§ About this task:
Please output only the lines running from the one that contains "(柴田はこの時点まだリング中央で大の字)" through the last line of the data below, exactly as they stand, with no pictures.

Source records
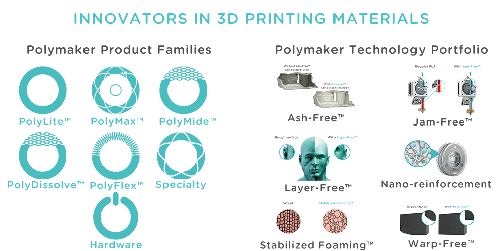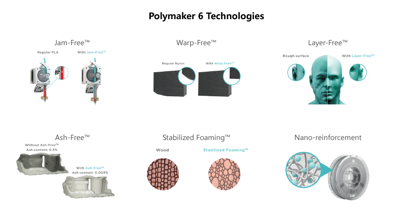 What sets Polymaker apart from their competitors? In house technologies. Polymaker now has 6 technologies: Jam-Free™, Warp-Free™, Layer-Free™, Ash-Free™, Nano-reinforcement, and Stabilized Foaming™.
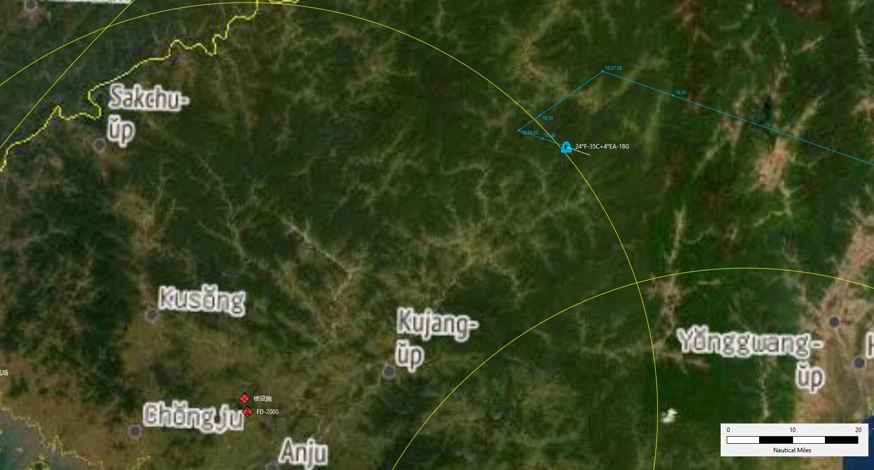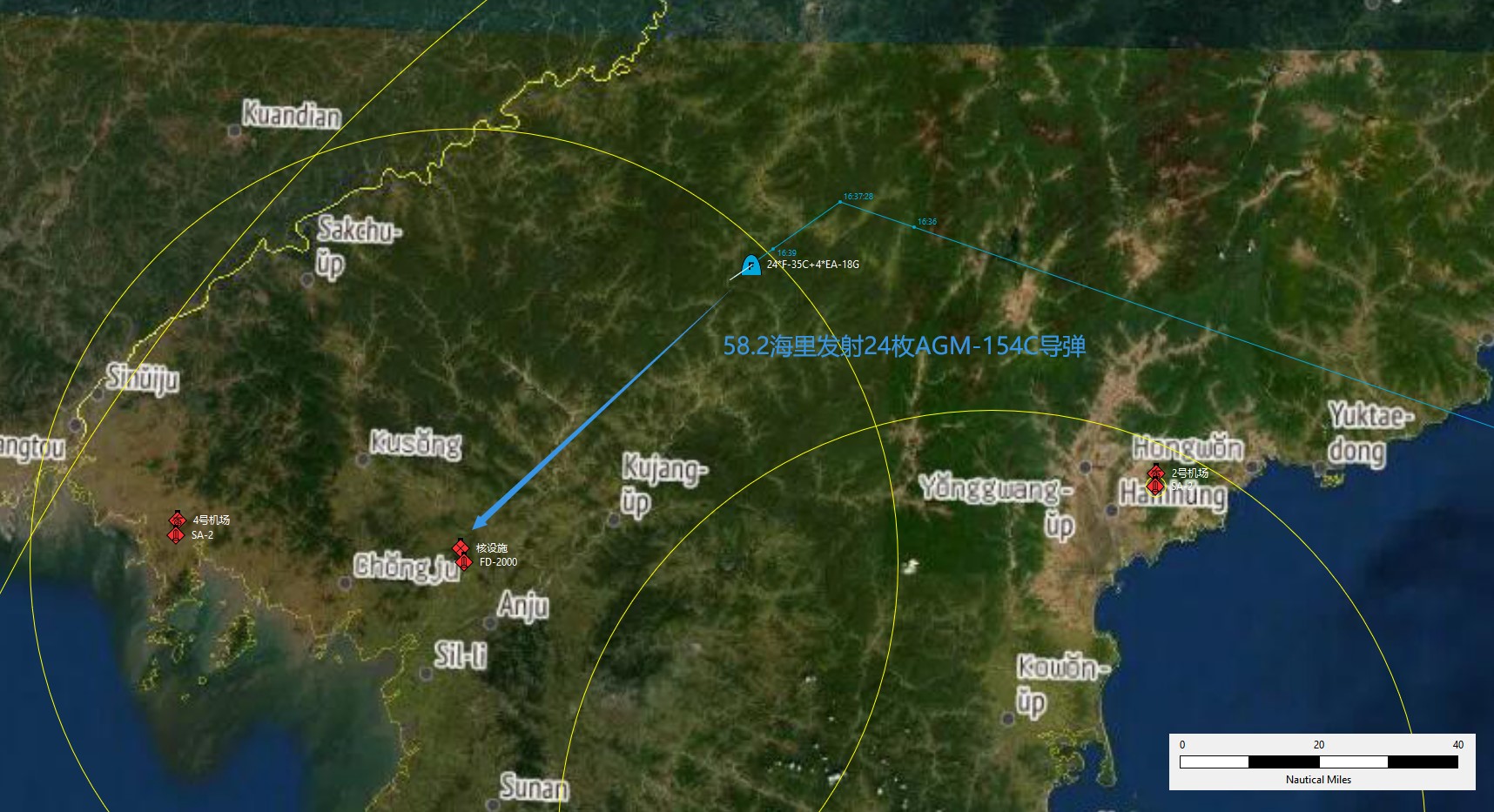 06:39:30,F-35C抵达预定位置投弹,进入FD-2000雷达警戒圈。由于F-35C正面特征为“隐形”,NK雷达仅发现4架EA-18G。
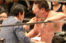 (柴田はこの時点まだリング中央で大の字)
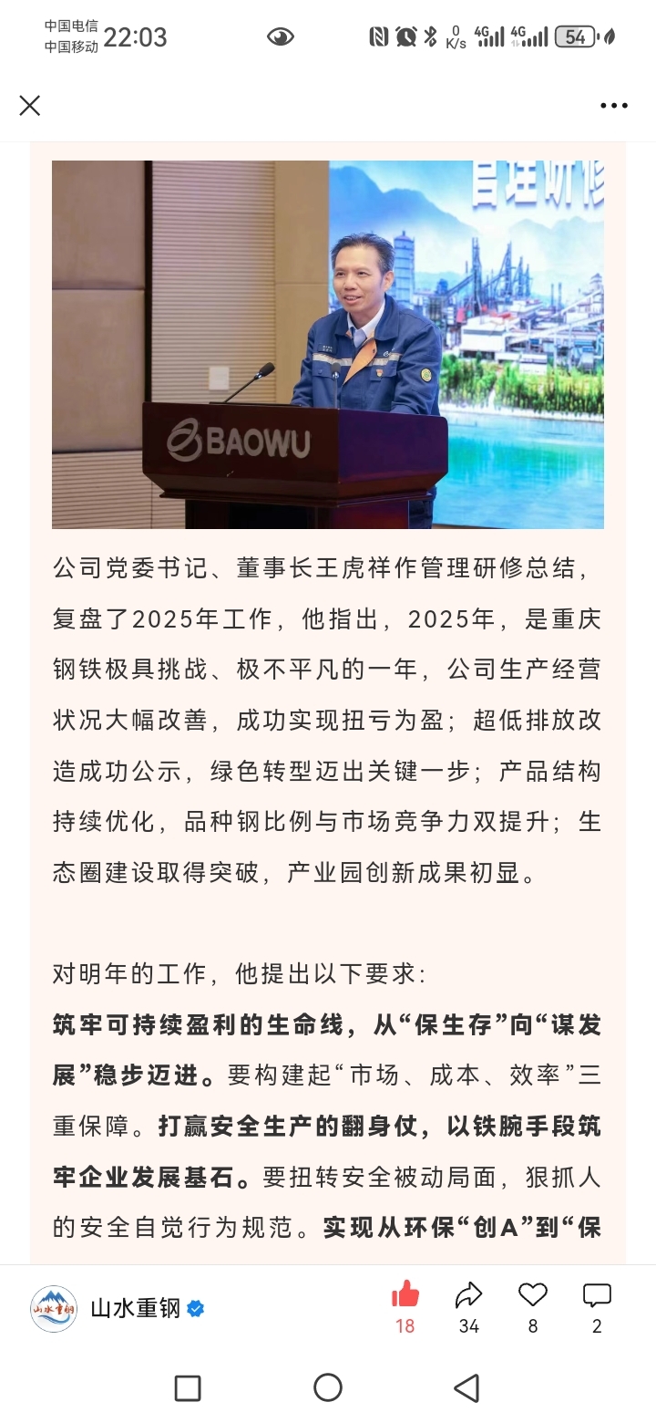 $重庆钢铁(SH601005)$ 又双叒叕超级重磅利好!2025年度成功实现扭亏为盈!2026努力再创佳绩!
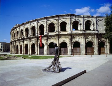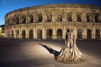 • France, Gard, Nimes, Arenes, roman arena, torreador statue.

§ Answer space:
 (柴田はこの時点まだリング中央で大の字)
 $重庆钢铁(SH601005)$ 又双叒叕超级重磅利好!2025年度成功实现扭亏为盈!2026努力再创佳绩!
 • France, Gard, Nimes, Arenes, roman arena, torreador statue.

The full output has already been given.